Additionally, a concerning development for the Bank of England (BoE) was the increase in core inflation from 6.2% to 6.8% on an annual basis during the same period.
This news is likely to keep pressure on the BoE to continue raising UK interest rates. Following the release, there was an immediate positive reaction in the currency markets, with the pound strengthening against both the US dollar and the euro.
UK Inflation - Key Points
Headline CPI
The annual headline CPI decreased from double digits to 8.7% in April, providing some relief. However, the decline fell short of market expectations, which had hoped for a larger decrease to around 8.2%.
Core Inflation
The report revealed an increase in core inflation from 6.2% to 6.8% on an annual basis, raising concerns for the Bank of England.

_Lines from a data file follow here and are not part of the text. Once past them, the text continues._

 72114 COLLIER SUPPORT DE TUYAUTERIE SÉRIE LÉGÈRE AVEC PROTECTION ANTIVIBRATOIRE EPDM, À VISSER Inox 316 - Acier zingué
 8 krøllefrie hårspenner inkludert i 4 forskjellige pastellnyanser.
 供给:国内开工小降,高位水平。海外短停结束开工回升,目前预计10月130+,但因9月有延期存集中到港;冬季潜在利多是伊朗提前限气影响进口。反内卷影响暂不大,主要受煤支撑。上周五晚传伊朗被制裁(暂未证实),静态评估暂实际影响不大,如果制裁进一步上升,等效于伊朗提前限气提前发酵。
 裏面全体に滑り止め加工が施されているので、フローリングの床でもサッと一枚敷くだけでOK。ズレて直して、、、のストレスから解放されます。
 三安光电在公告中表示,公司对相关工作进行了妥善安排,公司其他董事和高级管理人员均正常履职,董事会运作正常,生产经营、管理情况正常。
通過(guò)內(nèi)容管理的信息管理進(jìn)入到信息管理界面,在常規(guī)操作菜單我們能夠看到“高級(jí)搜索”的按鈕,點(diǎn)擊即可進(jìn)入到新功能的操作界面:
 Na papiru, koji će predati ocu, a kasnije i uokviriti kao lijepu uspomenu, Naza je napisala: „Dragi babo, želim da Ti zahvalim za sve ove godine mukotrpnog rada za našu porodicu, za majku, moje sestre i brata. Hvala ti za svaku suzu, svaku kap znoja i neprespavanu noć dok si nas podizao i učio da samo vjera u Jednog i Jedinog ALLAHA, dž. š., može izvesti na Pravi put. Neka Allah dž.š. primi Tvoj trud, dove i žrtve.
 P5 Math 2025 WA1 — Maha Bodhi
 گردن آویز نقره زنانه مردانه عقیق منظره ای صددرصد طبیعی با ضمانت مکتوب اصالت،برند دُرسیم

Core inflation excludes volatile factors like food and energy prices and is considered a more stable measure of long-term inflation trends.

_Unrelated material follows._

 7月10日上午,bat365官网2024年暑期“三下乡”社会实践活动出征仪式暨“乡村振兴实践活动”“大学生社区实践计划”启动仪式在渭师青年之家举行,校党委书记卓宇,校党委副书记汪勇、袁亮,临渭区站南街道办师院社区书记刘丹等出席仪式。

BoE's Pressure: The rise in core inflation is likely to put continued pressure on the Bank of England to pursue further interest rate hikes. The central bank's objective is to control inflation and ensure economic stability.
Currency Impact
The pound experienced an immediate positive reaction in the currency markets following the release of the inflation report. GBP/USD crossed the 1.2450 level, rebounding from its lower position below 1.2400 the previous day. Similarly, GBP/EUR showed upward movement, surpassing the 1.1550 mark.
Our Thoughts
The April UK inflation report presented a mixed bag of results. While there was a decrease in headline CPI, it fell short of market expectations. The concerning increase in core inflation is likely to keep the pressure on the Bank of England to continue raising interest rates. The positive currency market reaction was reflected in a strengthening of the pound against both the US dollar and the euro.